Это одно из самых темных и необъяснимых скандальных дел последних лет, которое однажды приведет к ужасным разоблачениям. Если не ошибаюсь, то здесь пересеклись совершенно разные намерения путчистов. Старый Гугенберг[28] за несколько дней до этого говорил в казино киносту-дии УФА об «ожидаемых событиях», которые «скоро позволят УФА выпускать свободную, не обремененную цензурой продукцию», а Папен в Марбургской речи, подготовленной для него помощником Юнгом[29], создавал впечатление, будто он, как ловкий Одиссей, готов, раскаявшись, вернуться в лагерь консервативного центра. Юнг, которого я всегда считал евреем и который скорее из честолюбия стал одержимым политическим махинатором, заплатил за эту речь жизнью, а его Господин и Владыка Папен, заслуживающий повешения уже только за свою невероятную глупость, укрылся под сильным крылом старого Гинденбурга. Я же надеюсь, что человек, который занят сейчас подрывом Австрии и который находит себе применение везде, где политика растворяется в мелких интригах (Бисмарк называл это «ежедневной грязной работой»)… я надеюсь, что он не избежит своей участи. Тот, кто за внешним обликом джентльмена скрывает самолюбие и уверенность ротвейлера и кто высокую политику представляет себе как цепь интриг и конокрадства, при всей своей хитрости глуп, как печная труба, — дурь и бесстыдство, которое, конечно, может быть в паре с хитростью, ни в коем случае не является оправданием, а скорее пороком. Но вернемся к делу Рёма: похоже, что великий Маниту во время наступления апачей на Висзее собственноручно казнил некоторых противников. С другой стороны, я слышал, что одна из жертв — вроде бы Хайнес[30] — ревел от ярости и оборонялся с пистолетом в руке, преследуя Гитлера, удирающего по лестнице господина и учителя, пока тот не улизнул, захлопнув за собой обитую железом дверь в подвал. Для молодого государства неплохое начало в гамлетовском стиле — вступление, обещающее все что угодно в будущем.

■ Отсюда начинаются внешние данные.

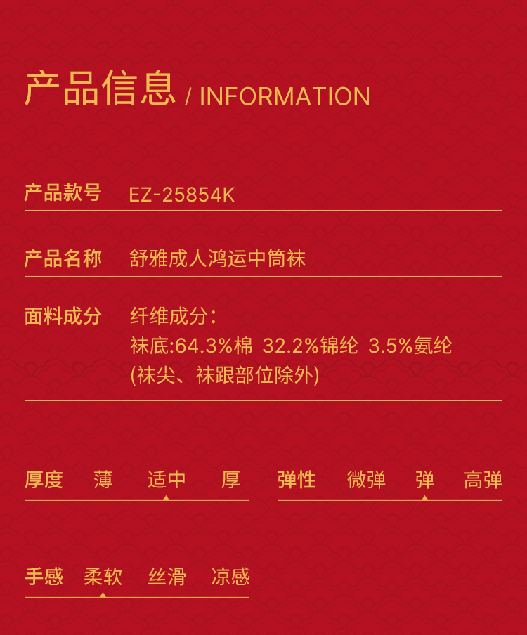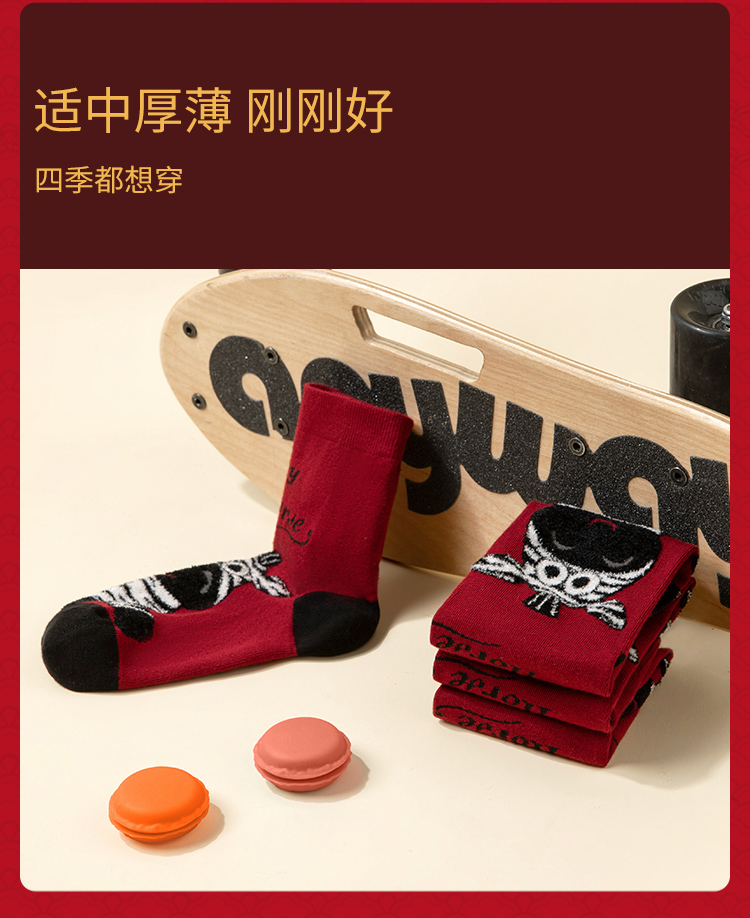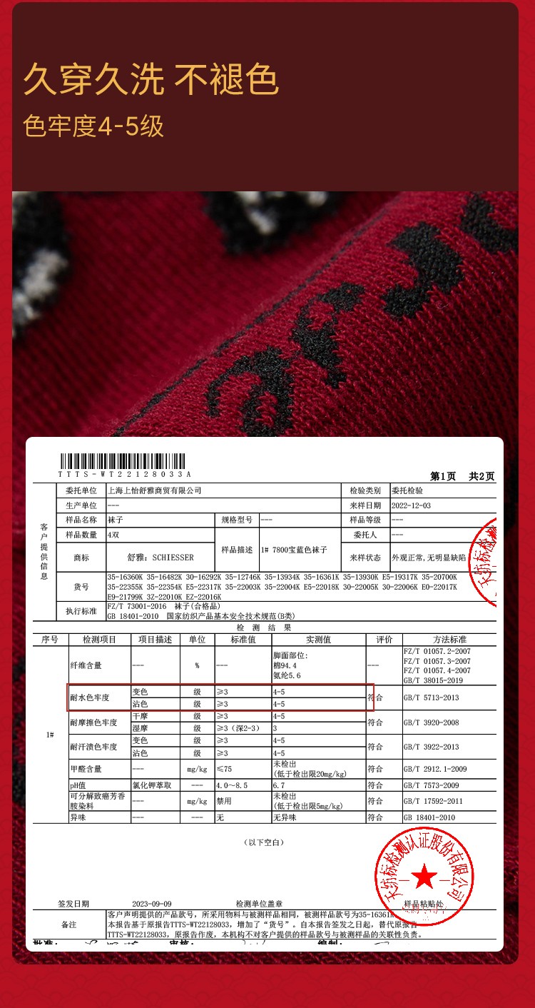 SCHIESSER舒雅25早秋新品男女同款3A抗菌新年鴻運馬年紅品中筒襪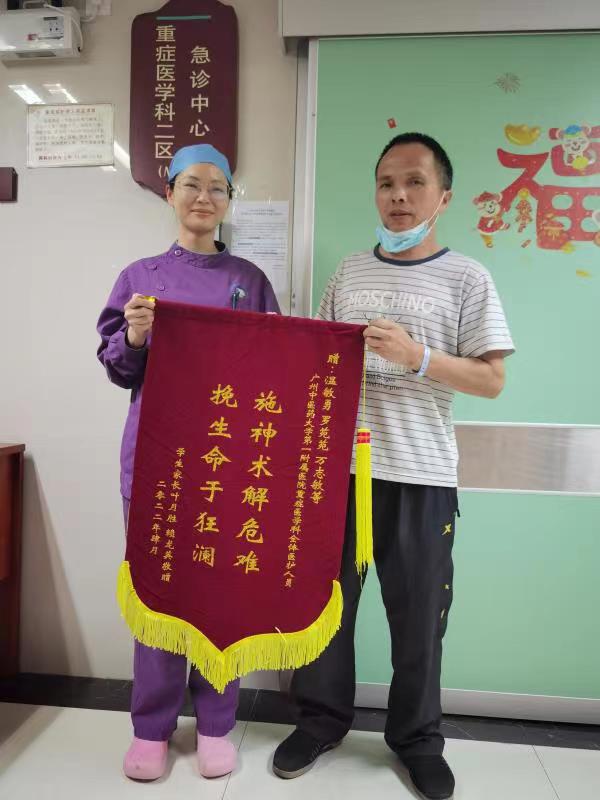 经历了如此凶险经历的学生对老师感激不尽,学生家长也是千恩万谢,将“施神术解危难,挽生命于狂澜”赠予了一附院ICU的医护人员,将“德高尚情如父母,解危难恩同再造”赠予学校老师,由衷感谢ICU全体医护人员及学校老师的无私帮助!

А пока, работая над книгой[31] о мюнстерском анабаптистском режиме, я с глубоким потрясением читаю средневековые тексты об этой подлинно немецкой ереси, которая во всех без исключения… даже самых нелепых деталях явилась предтечей того, что мы переживаем сейчас. Как и Германия сегодня, город-государство Мюнстер на долгие годы полностью отделяет себя от цивилизованного мира, как и нацистская Германия, он долгое время добивается успеха за успехом и кажется непобедимым, чтобы наконец пасть совершенно неожиданно и, так сказать, из-за сущего пустяка…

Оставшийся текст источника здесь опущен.